Doctor: It was a strong cocktail, people react differently. Some people could fly a 747 across five time zones and be fine; others wouldn’t be able to lift their head off a pillow. Which one are you interested in?
Helen: The aviator.
Scene Two: The Coroner
Helen: … I’m wondering if that’s how he (Naz) got the cut on his hand. Do you see what I’m saying?
Coroner: I don’t think I do.
Helen: You’re stabbing someone with a knife, sometimes it goes so deep it hits bone, that causes your hand to slip on the blade … but it only slips once, even though you stabbed her twenty-one times. How common would that be?
Coroner: How common do you like it to be?
Helen: I’m asking, Harry, not telling. The question is, if this wound resulted in cutting his hand on a piece of glass or from the blade of a knife.
Harry: Hard to say.
Helen: Well, what if you had to say?
Harry: Will I have to say?
Helen: Yeah.
Harry (Looking at the photo for the first time): This cut was the result of his hand slipping from the handle of the knife onto the blade of the knife in the act of stabbing her.
A pause while Helen and Harry lock eyes for a five count. Then Harry repeats his finding in a perfect courtroom voice. Helen thanks him.
Feeding Confirmation Bias
Again, a lot of series watchers – and there were a lot of them – seemed to be disturbed by these scenes. “It’s not fair’, ‘That’s not justice’, ‘They don’t care about the truth’, and a lot more, some of it vociferous.

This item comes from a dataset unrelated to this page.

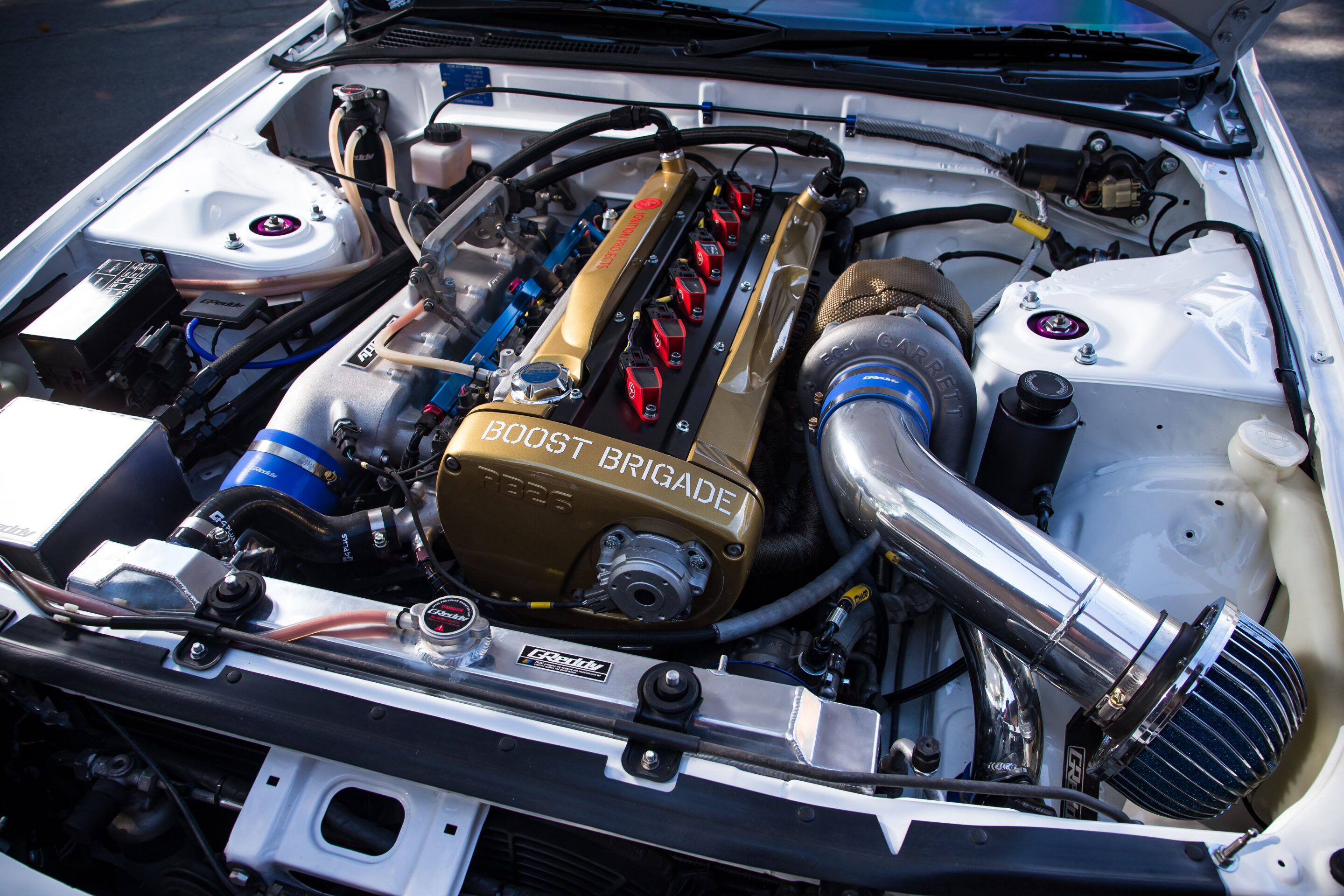 そう、RB26DETTに換装されたベンの美しいR32スカイラインセダンは、2016年のSEMAでGReddyブースの顔として展示されたのだ。もちろん、生きるショーケースとして数々のGReddyパーツも装着され、全米の注目を集めた事は言うまでもない。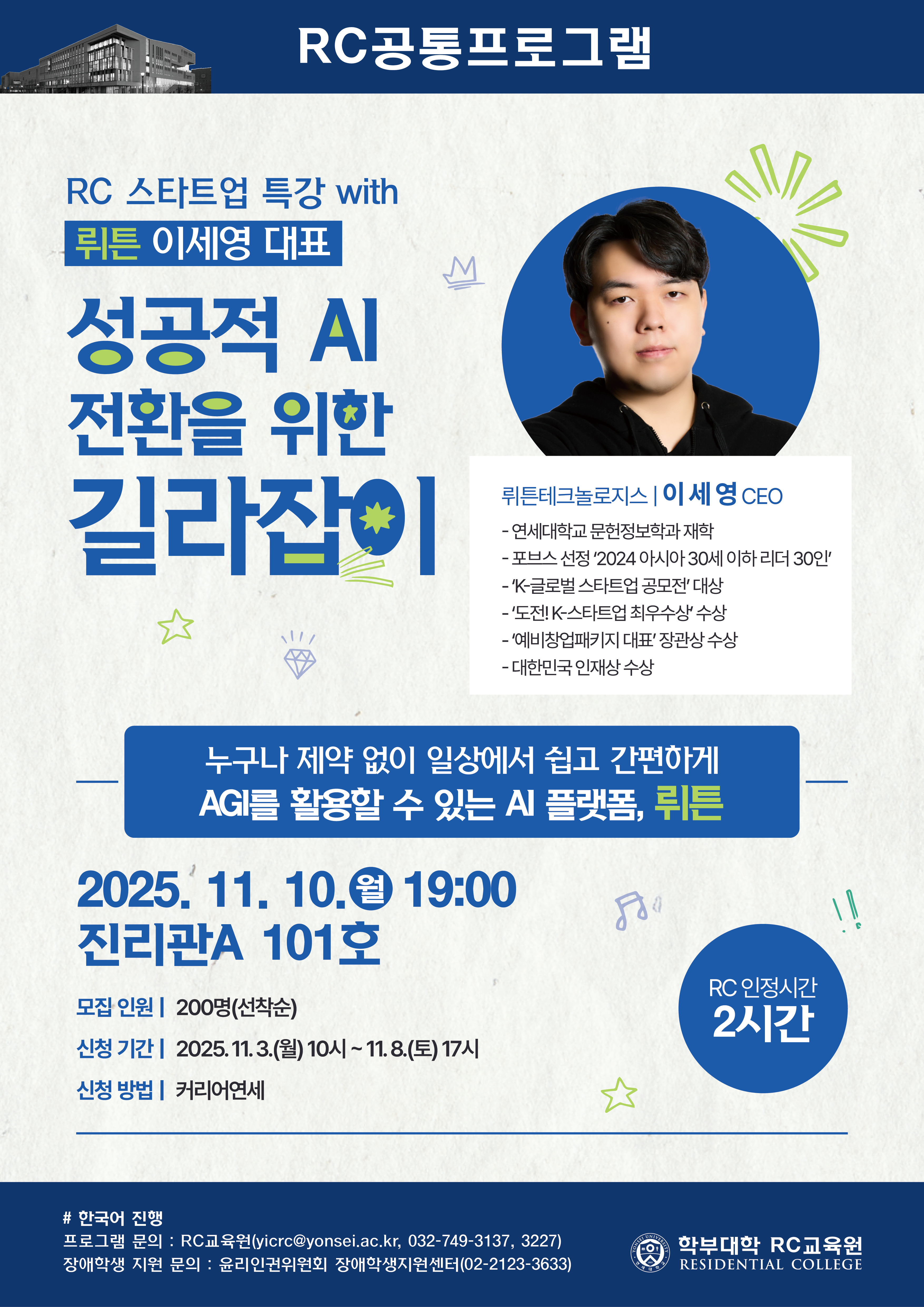 2025-2학기 RC 스타트업 특강 2 <이세영 대표(뤼튼)- "성공적인 AI 전환을 위한 길라잡이">

This is a view of the ‘system’ that’s as prevalent as it wrong. At this point in The Night Of, the NYC Police and the prosecutor’s office are convinced of Naz’s guilt. They have reams of damning evidence but no witnesses. They have an indictment. They are building a court case against someone they are convinced stabbed a young woman to death.
They are, in short, doing what they need to do to get a killer off the streets. Everything Helen does is toward that end. Everything Helen does is perfectly legal and ethical. She is doing her job, which at this point is to win the case. The case she believes in.
It’s an adversarial system, it’s not about being fair, it’s about winning.